Would you retype the whole listing exactly, leaving its pictures out?

Content starts

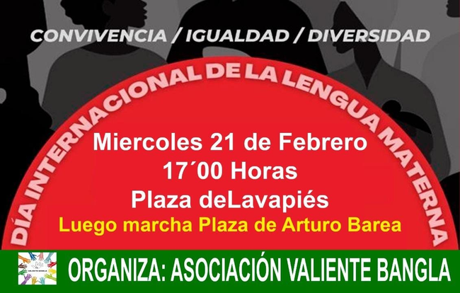 Cada 21 de febrero llega el Día Internacional de la Lengua Materna, una fecha especial para la comunidad bangladesí de Madrid, que un año más llama a los vecinos de Lavapiés a celebrarla junto a ellos, festejando «la diversidad cultural y la convivencia». La cita, organizada por la asociación Valiente Bangla, dará comienzo a las 17 horas en la plaza de Lavapiés, desde donde se partirá en pasacalles hasta la cercana plaza de Arturo Barea. El Día Internacional de la Lengua Materna fue aprobado por la Unesco en 1999 a instancias de Bangladés y persigue preservar y proteger todos los idiomas y dialectos que se hablan en el mundo. Debemos buscar su origen en los hechos que ocurrieron tal día como hoy de 1952, cuando unos estudiantes que reivindicaban la oficialidad en Pakistán de la lengua bengalí fueron asesinados a tiros por la policía durante una manifestación. En aquel tiempo el futuro Bangladés -nación independiente desde 1971- solo era una provincia cuyo territorio estaba dividido entre India y Pakistán, país que en 1947 había impuesto el urdú como única lengua del estado en 1947. Aquellos hechos dieron pie al Shohid Dibosh (Día de los Mártires), hoy referente para el reconocimiento mundial de todas las lenguas maternas. Como cada año, Valiente Bangla aprovecha este día para recordar la importancia de la existencia de cartelería en lugares municipales en las principales lenguas que se hablan y escuchan en Lavapiés, de la existencia de intérpretes de esos idiomas que puedan acompañar en trámites administrativos y en servicios de salud a vecinos con dificultades con el español y para reivindicar, una vez más, la regularización administrativa de las personas migrantes y su acceso universal a la sanidad pública, entre otras cuestiones.
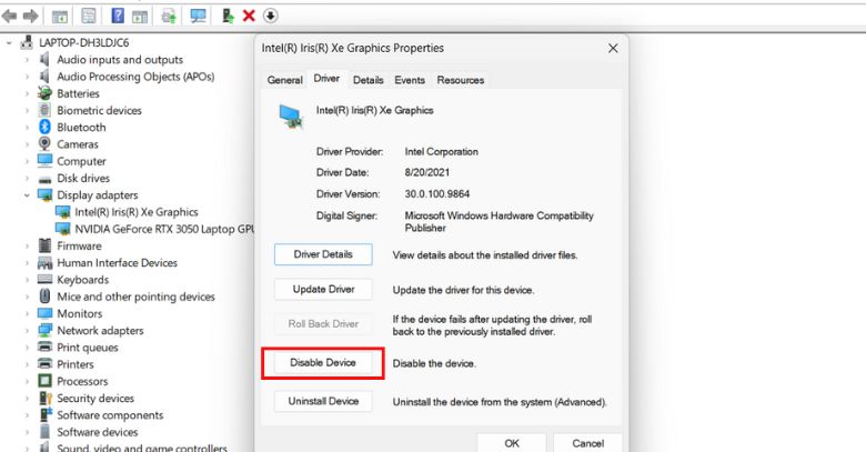 - Chuyển sang tab Driver và nhấp vào Disable Device, sau đó xác nhận bằng cách nhấn Yes.
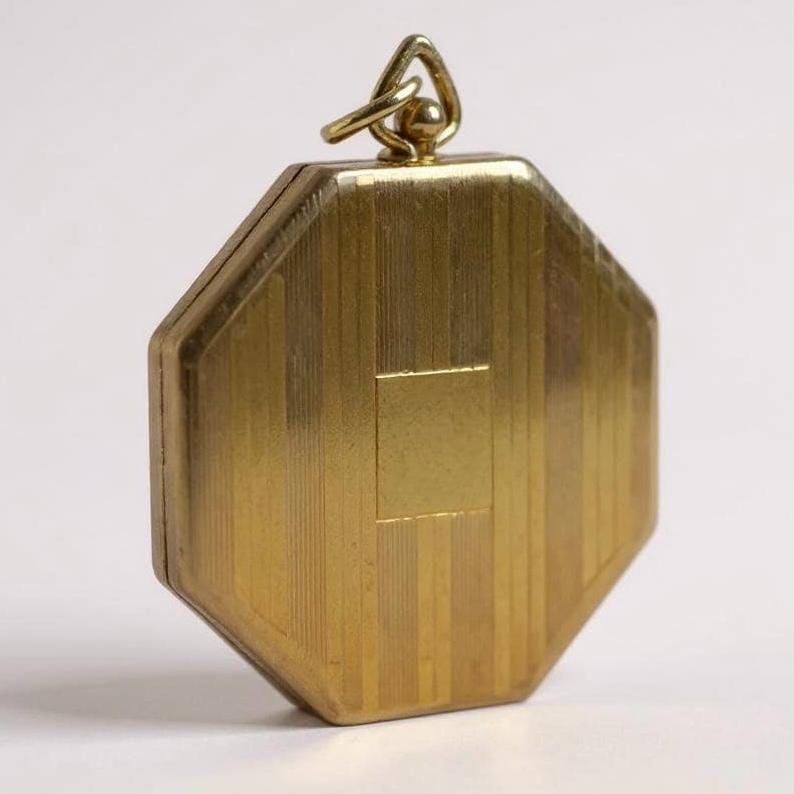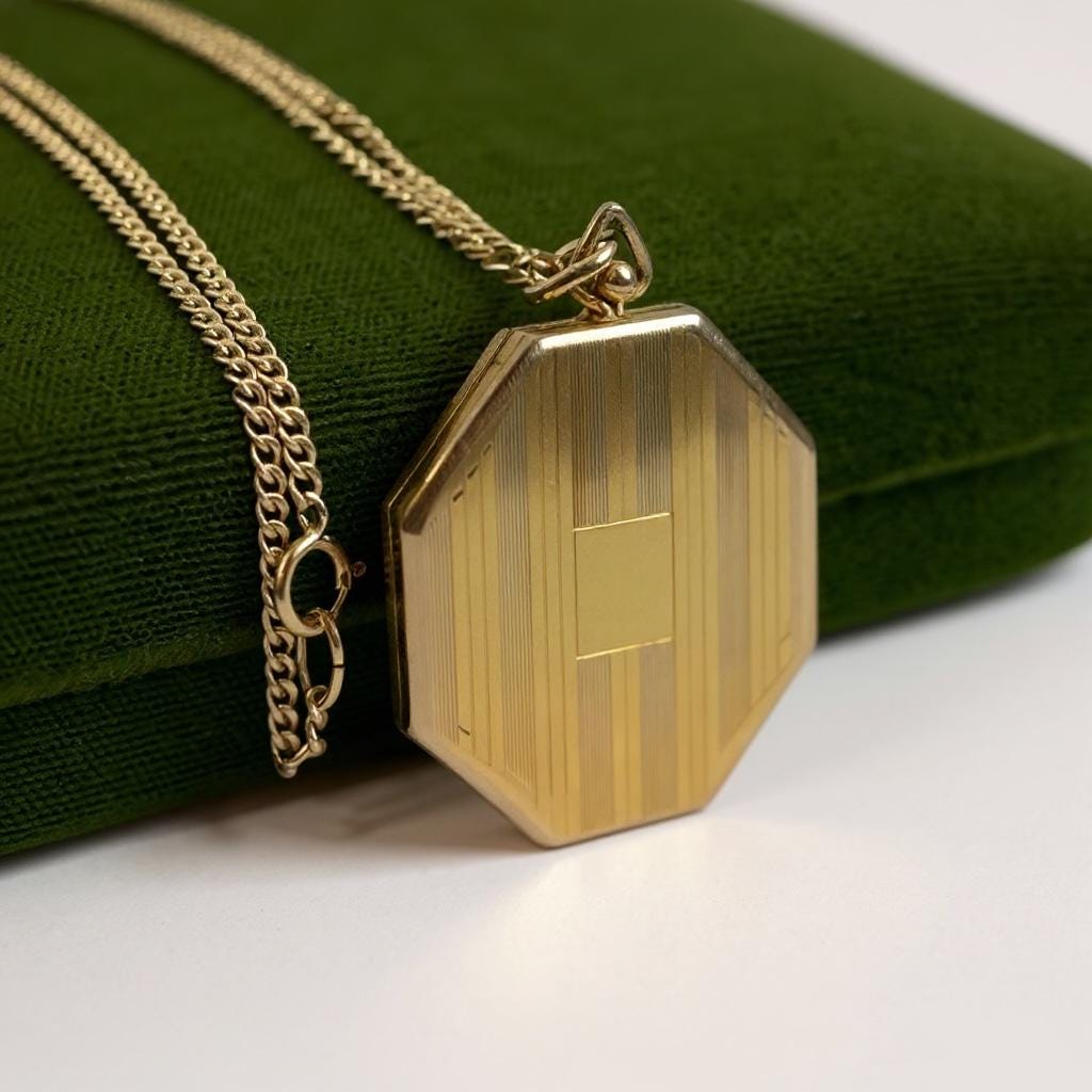 An antique eight-sided or octagon shaped locket. This lovely and large locket has a rectangular cartouche etched in the center. A pinstripe pattern covers the rest of the front. The back is plain with no design and a shiny finish.
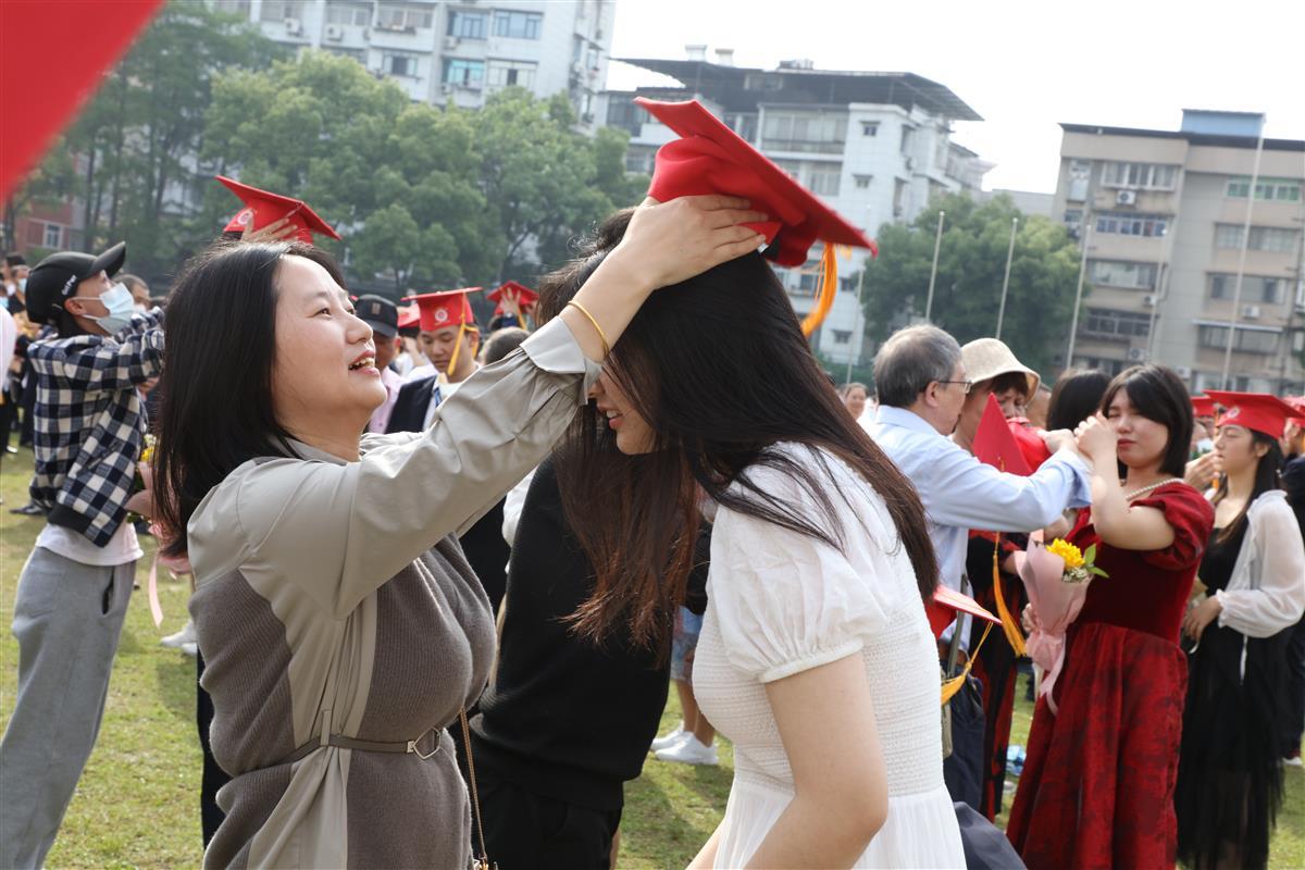 随后,全体高三学生对家长们用手语操演绎《感恩的心》,同时还赠成长家书,“行冠礼”,家长们则回馈了一个大大的拥抱。当各个班级代表将写给“20年后自己的一封信”装入时间胶囊后,学生和家长们一起跨过成人门。
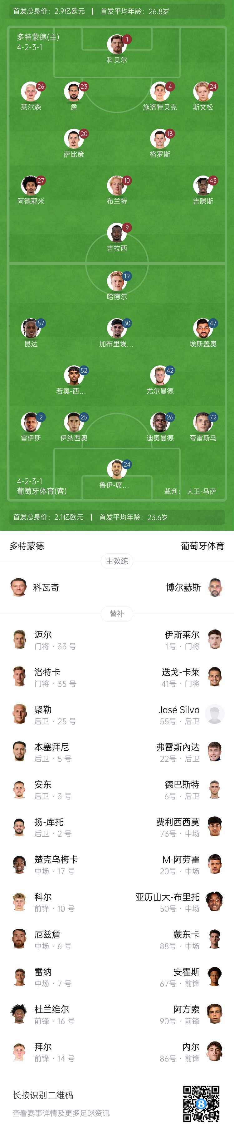 葡體替補:1-伊斯雷爾、41-卡萊、6-德巴斯特、20-馬克西米利亞諾-阿勞霍、22-弗雷斯內達、50-布里托、55-何塞-席爾瓦、67-安霍斯、73-費利西西莫、86-拉斐爾-內爾、88-門東薩、90-阿方索-莫雷拉
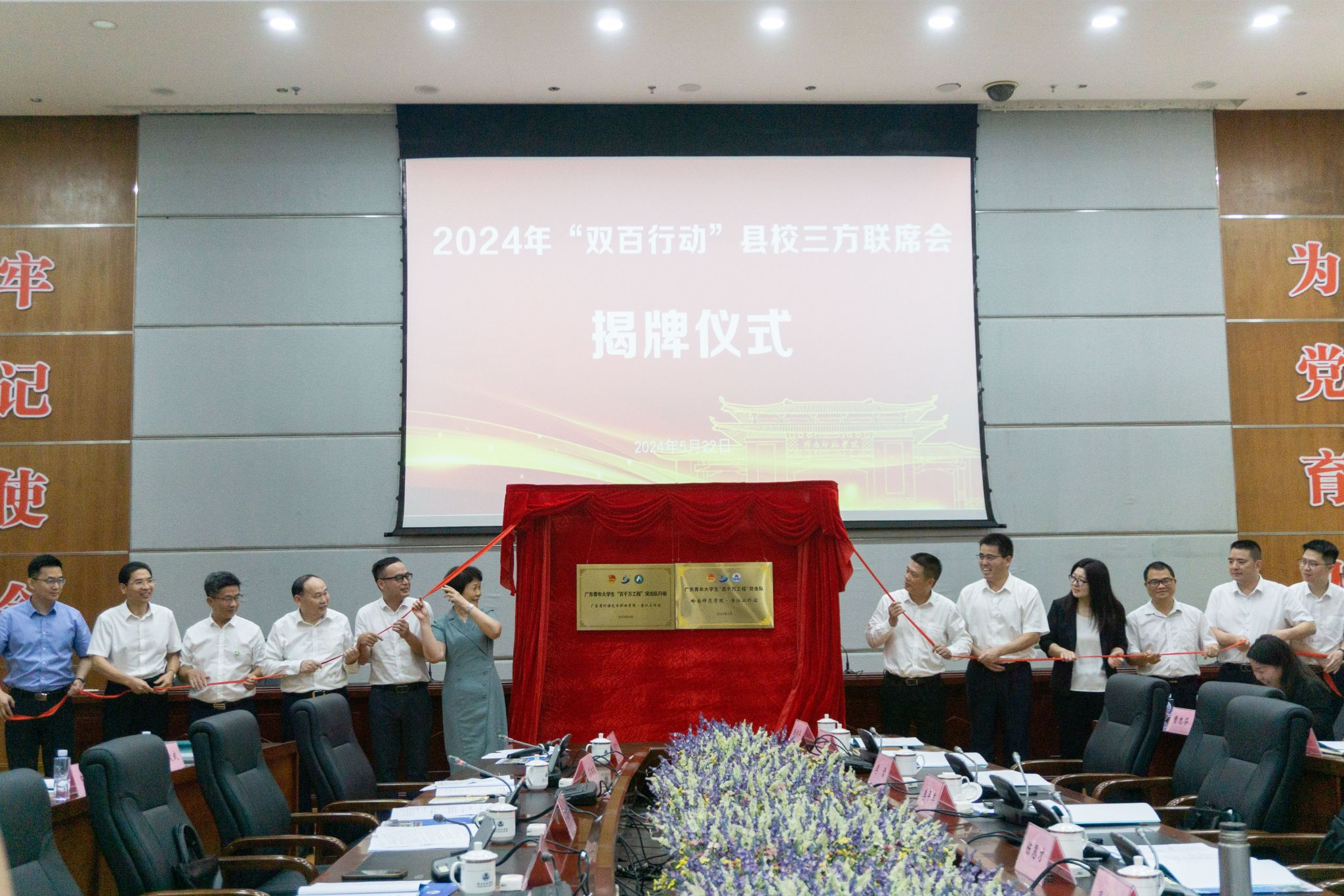 岭师新闻中心讯:5月22日,廉江市·岭南师范学院·广东省外语艺术职业学院在岭南师范学院召开2024年“双百行动”县校三方联席会第一次会议,共同研讨推进“双百行动”共建生根结果。会上,广东省“百千万工程”县域创新基地、省级“博士工作站”、“兴农小院”和广东青年大学生“百千万工程”突击队行动廉江工作站分别揭牌成立。

Content ends

§ Problem solution:
 Cada 21 de febrero llega el Día Internacional de la Lengua Materna, una fecha especial para la comunidad bangladesí de Madrid, que un año más llama a los vecinos de Lavapiés a celebrarla junto a ellos, festejando «la diversidad cultural y la convivencia». La cita, organizada por la asociación Valiente Bangla, dará comienzo a las 17 horas en la plaza de Lavapiés, desde donde se partirá en pasacalles hasta la cercana plaza de Arturo Barea. El Día Internacional de la Lengua Materna fue aprobado por la Unesco en 1999 a instancias de Bangladés y persigue preservar y proteger todos los idiomas y dialectos que se hablan en el mundo. Debemos buscar su origen en los hechos que ocurrieron tal día como hoy de 1952, cuando unos estudiantes que reivindicaban la oficialidad en Pakistán de la lengua bengalí fueron asesinados a tiros por la policía durante una manifestación. En aquel tiempo el futuro Bangladés -nación independiente desde 1971- solo era una provincia cuyo territorio estaba dividido entre India y Pakistán, país que en 1947 había impuesto el urdú como única lengua del estado en 1947. Aquellos hechos dieron pie al Shohid Dibosh (Día de los Mártires), hoy referente para el reconocimiento mundial de todas las lenguas maternas. Como cada año, Valiente Bangla aprovecha este día para recordar la importancia de la existencia de cartelería en lugares municipales en las principales lenguas que se hablan y escuchan en Lavapiés, de la existencia de intérpretes de esos idiomas que puedan acompañar en trámites administrativos y en servicios de salud a vecinos con dificultades con el español y para reivindicar, una vez más, la regularización administrativa de las personas migrantes y su acceso universal a la sanidad pública, entre otras cuestiones.
 - Chuyển sang tab Driver và nhấp vào Disable Device, sau đó xác nhận bằng cách nhấn Yes.
 An antique eight-sided or octagon shaped locket. This lovely and large locket has a rectangular cartouche etched in the center. A pinstripe pattern covers the rest of the front. The back is plain with no design and a shiny finish.
 随后,全体高三学生对家长们用手语操演绎《感恩的心》,同时还赠成长家书,“行冠礼”,家长们则回馈了一个大大的拥抱。当各个班级代表将写给“20年后自己的一封信”装入时间胶囊后,学生和家长们一起跨过成人门。
 葡體替補:1-伊斯雷爾、41-卡萊、6-德巴斯特、20-馬克西米利亞諾-阿勞霍、22-弗雷斯內達、50-布里托、55-何塞-席爾瓦、67-安霍斯、73-費利西西莫、86-拉斐爾-內爾、88-門東薩、90-阿方索-莫雷拉
 岭师新闻中心讯:5月22日,廉江市·岭南师范学院·广东省外语艺术职业学院在岭南师范学院召开2024年“双百行动”县校三方联席会第一次会议,共同研讨推进“双百行动”共建生根结果。会上,广东省“百千万工程”县域创新基地、省级“博士工作站”、“兴农小院”和广东青年大学生“百千万工程”突击队行动廉江工作站分别揭牌成立。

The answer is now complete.